Stored data:
·····

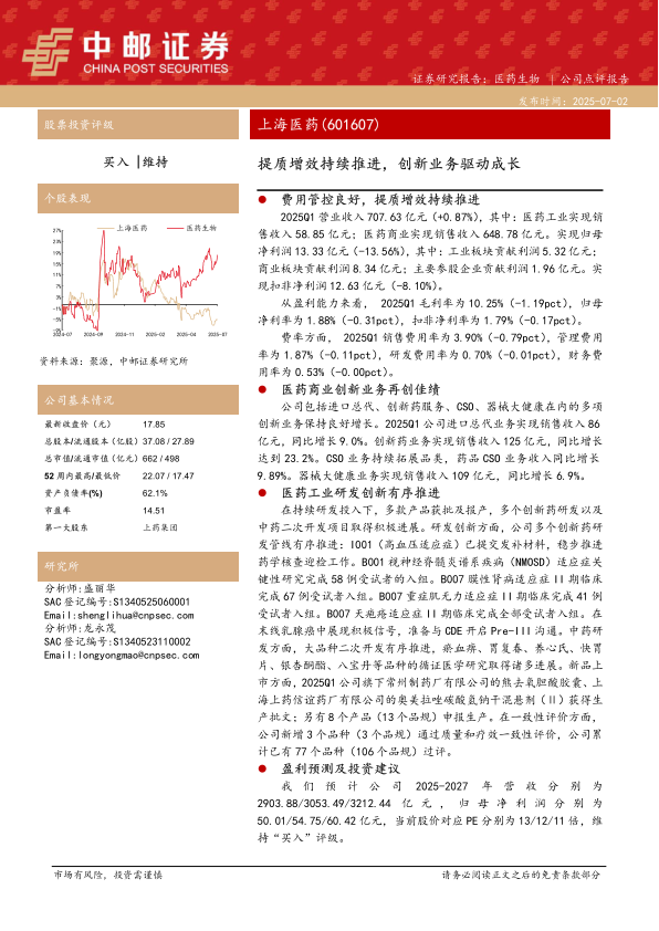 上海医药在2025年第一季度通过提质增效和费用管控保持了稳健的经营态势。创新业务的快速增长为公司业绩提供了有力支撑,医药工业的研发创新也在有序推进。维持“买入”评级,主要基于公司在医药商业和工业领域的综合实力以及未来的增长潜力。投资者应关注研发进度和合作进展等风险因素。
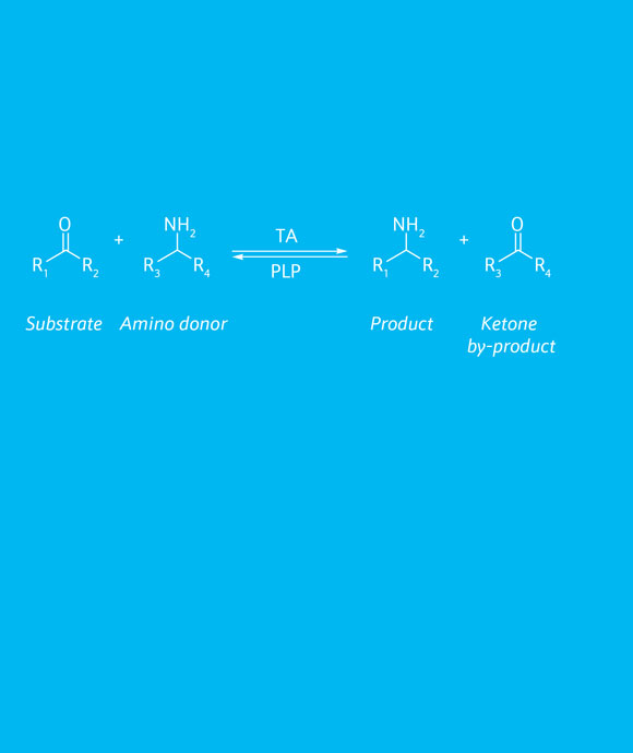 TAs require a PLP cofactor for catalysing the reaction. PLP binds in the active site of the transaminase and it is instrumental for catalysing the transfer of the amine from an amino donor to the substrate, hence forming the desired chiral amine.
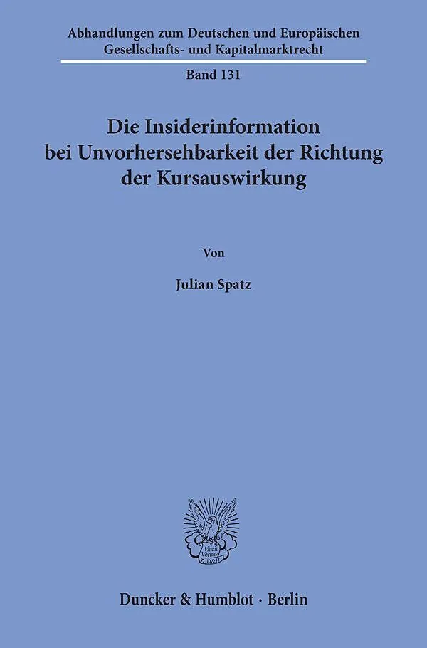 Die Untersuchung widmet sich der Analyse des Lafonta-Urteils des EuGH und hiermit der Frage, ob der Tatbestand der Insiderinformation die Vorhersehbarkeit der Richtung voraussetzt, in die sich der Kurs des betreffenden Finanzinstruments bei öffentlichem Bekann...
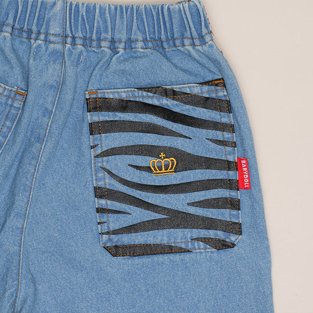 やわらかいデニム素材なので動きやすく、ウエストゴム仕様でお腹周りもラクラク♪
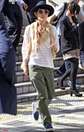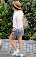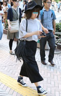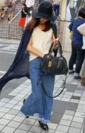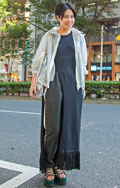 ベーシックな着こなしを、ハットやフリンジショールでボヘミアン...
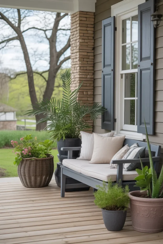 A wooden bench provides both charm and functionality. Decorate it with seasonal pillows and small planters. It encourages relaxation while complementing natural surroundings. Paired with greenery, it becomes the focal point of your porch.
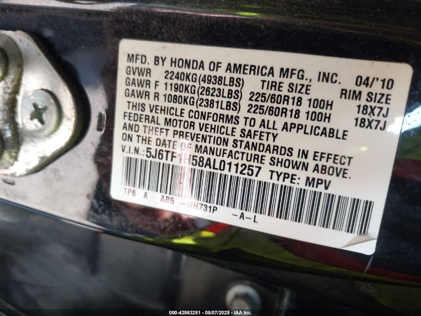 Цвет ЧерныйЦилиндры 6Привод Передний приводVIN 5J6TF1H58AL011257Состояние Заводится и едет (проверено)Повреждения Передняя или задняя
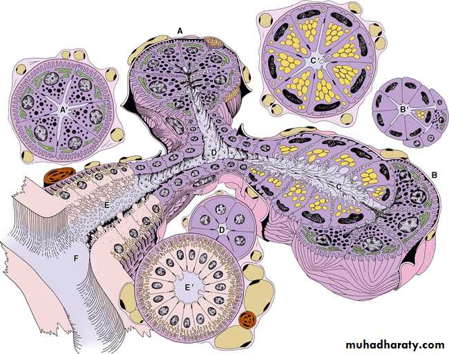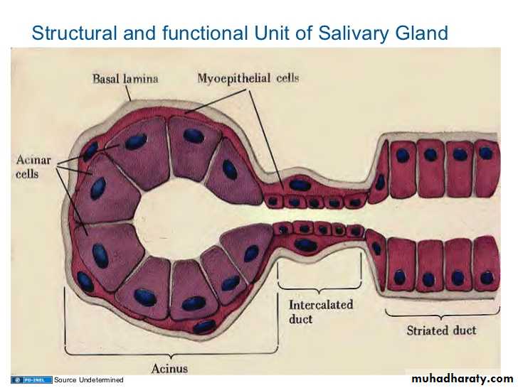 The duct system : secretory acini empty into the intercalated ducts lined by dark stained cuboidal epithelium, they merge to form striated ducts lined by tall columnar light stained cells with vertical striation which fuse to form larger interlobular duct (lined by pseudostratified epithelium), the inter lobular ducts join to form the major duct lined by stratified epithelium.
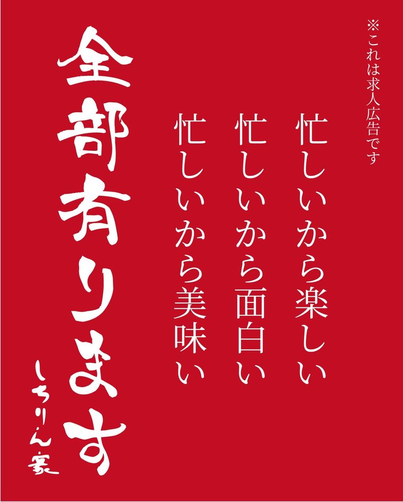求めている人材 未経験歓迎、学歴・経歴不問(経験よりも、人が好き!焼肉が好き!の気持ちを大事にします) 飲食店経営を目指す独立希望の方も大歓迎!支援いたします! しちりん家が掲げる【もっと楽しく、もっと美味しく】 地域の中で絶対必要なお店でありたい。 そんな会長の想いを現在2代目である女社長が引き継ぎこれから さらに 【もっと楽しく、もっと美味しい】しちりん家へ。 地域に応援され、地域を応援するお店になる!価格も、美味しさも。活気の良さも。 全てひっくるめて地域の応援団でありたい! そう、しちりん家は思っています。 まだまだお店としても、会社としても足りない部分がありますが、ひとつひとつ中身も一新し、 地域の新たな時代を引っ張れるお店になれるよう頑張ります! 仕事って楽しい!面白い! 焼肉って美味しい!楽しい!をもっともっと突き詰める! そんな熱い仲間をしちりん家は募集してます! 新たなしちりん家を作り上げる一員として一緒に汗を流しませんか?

·····

▶ _Required action_:
Your answer must be an exact copy of the lines from the one with "A wooden bench" through the final line of the data, both included, without any pictures.

▶ _Exercise solution_:
 A wooden bench provides both charm and functionality. Decorate it with seasonal pillows and small planters. It encourages relaxation while complementing natural surroundings. Paired with greenery, it becomes the focal point of your porch.
 Цвет ЧерныйЦилиндры 6Привод Передний приводVIN 5J6TF1H58AL011257Состояние Заводится и едет (проверено)Повреждения Передняя или задняя
 The duct system : secretory acini empty into the intercalated ducts lined by dark stained cuboidal epithelium, they merge to form striated ducts lined by tall columnar light stained cells with vertical striation which fuse to form larger interlobular duct (lined by pseudostratified epithelium), the inter lobular ducts join to form the major duct lined by stratified epithelium.
求めている人材 未経験歓迎、学歴・経歴不問(経験よりも、人が好き!焼肉が好き!の気持ちを大事にします) 飲食店経営を目指す独立希望の方も大歓迎!支援いたします! しちりん家が掲げる【もっと楽しく、もっと美味しく】 地域の中で絶対必要なお店でありたい。 そんな会長の想いを現在2代目である女社長が引き継ぎこれから さらに 【もっと楽しく、もっと美味しい】しちりん家へ。 地域に応援され、地域を応援するお店になる!価格も、美味しさも。活気の良さも。 全てひっくるめて地域の応援団でありたい! そう、しちりん家は思っています。 まだまだお店としても、会社としても足りない部分がありますが、ひとつひとつ中身も一新し、 地域の新たな時代を引っ張れるお店になれるよう頑張ります! 仕事って楽しい!面白い! 焼肉って美味しい!楽しい!をもっともっと突き詰める! そんな熱い仲間をしちりん家は募集してます! 新たなしちりん家を作り上げる一員として一緒に汗を流しませんか?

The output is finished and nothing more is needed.